I had a bag of chinook pellets for dry hopping in there and you can see how they settled out... I might be using the word trub incorrectly, I'm still new to the game.
 
It appears that you may have let it settle a little too long, but I'm sure you'll be fine.
 
You were right on the trub, If you end up with trub in your final jars, just go to Mr. Malty and use their calculating for repitching from slurryvl and adjust the non-yeast percentage to the higher side.
 
Very pretty yeast.

Mr Malty has been way off in my experience. Especially the viability by date.
http://woodlandbrew.blogspot.com/2012/11/counting-cells.html

You can get a pretty good approximation based on cell density. Cell counts I have done show 1 billion cells per ml is typical for settled slurry from a fermentor. 2 billion per ml is typical of a starter.
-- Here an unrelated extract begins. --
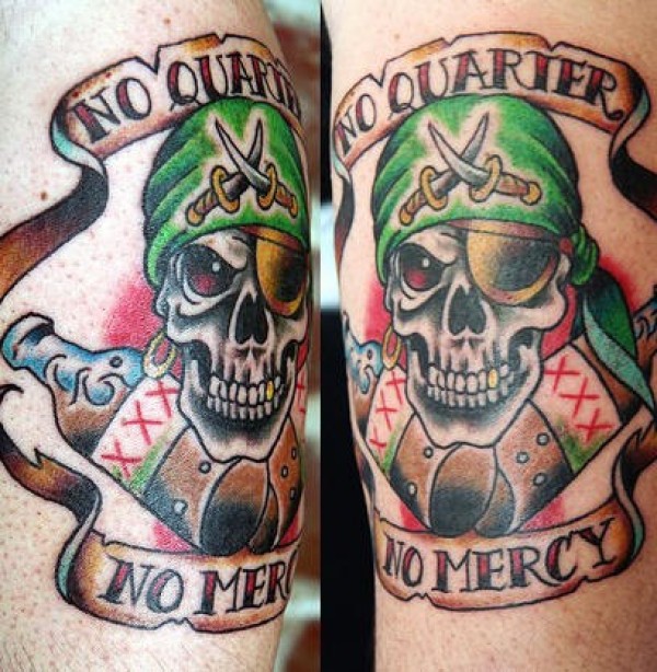 手臂彩色海盗骷髅头纹身图案

Yeast washing puts 95% of the viable cells down the drain.
http://woodlandbrew.blogspot.com/2013/01/yeast-washing-revisited.html

I've found it better to just store a few mason jars of the slurry.
http://woodlandbrew.blogspot.com/2013/01/yeast-storage.html
 
In your second picture; the top layer is mostly water (or beer), the second lighter colored layer is yeast, the third dark layer is trub (hops and break material). You should have decanted the water down the drain and poured the yeast layer into the mason jars and topped off with sanitized water. You can either save them like that or shake them up and repeat the process to further clean the yeast.
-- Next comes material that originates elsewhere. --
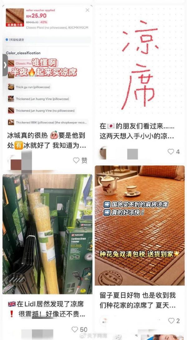 “连续高温又不下雨,公寓又是落地窗,被太阳晒得感觉自己身处蒸笼,赶紧在亚马逊下单了凉席,感谢凉席救我一命。”一位英国留学生momo在小红书晒自己的经历。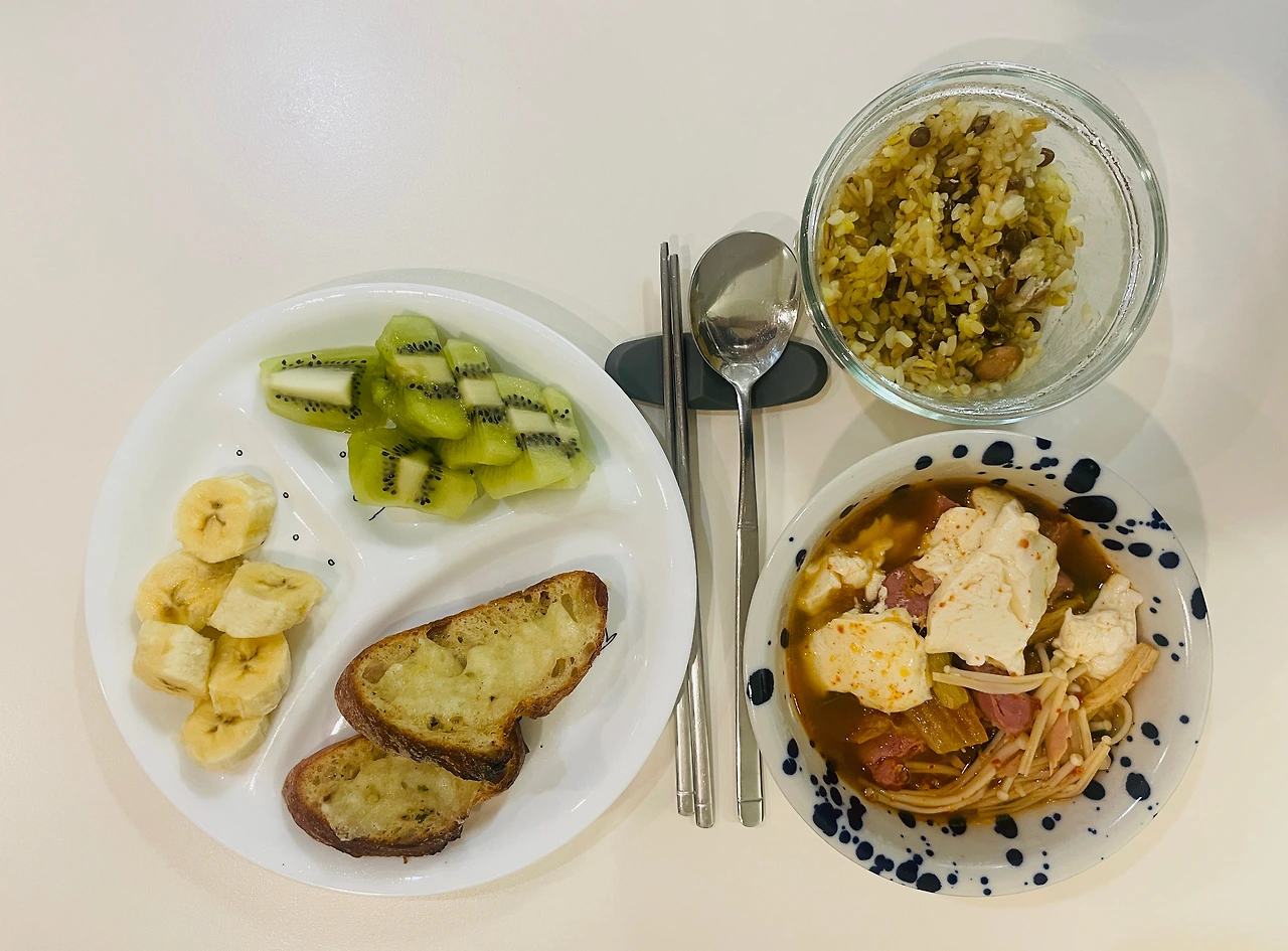 목우촌햄 선물로 들어온 것 있어서 순두부, 야채, 김치 등 냉장고에 있는 재료들 넣어서 부대찌개 끓였다. 설탕 대신 에리스리톨을 넣었는데, 부대찌개엔 아주 조금이나 안 넣어도 될 듯하다.

It looks like what you did was decant just the water into your mason jars?
 
Thanks for all the info... I believe that I let it settle out for to long and should have mixed it up again. In the third pic of the mason jars I think what happened is I decanted the beer/water mix into the first two jars and then got most of the yeast into the third... Hard to see but it was much cloudier.
So how can I tell the amount of viable yeast in the jar so that I can figure out my starter size for re-pitching?
 
So how can I tell the amount of viable yeast in the jar so that I can figure out my starter size for re-pitching?
Viability by date on the Mr. Malty and the popular calculators derived from it have been way off in my experience. Most of the time viability is near 90%. The largest contributing factor I have seen is alcohol.
 
I mean to say... How can I figure out how many yeast cells I have in a mason jar? Is there a ball park like 1/2in of yeast cake = 100,000 yeast cells... This way I can determine how big my starter should be... ie 1qt vs 2qt
 
There are about 1 billion cells per milliliter in a saved slurry which is about 250 billion per cup.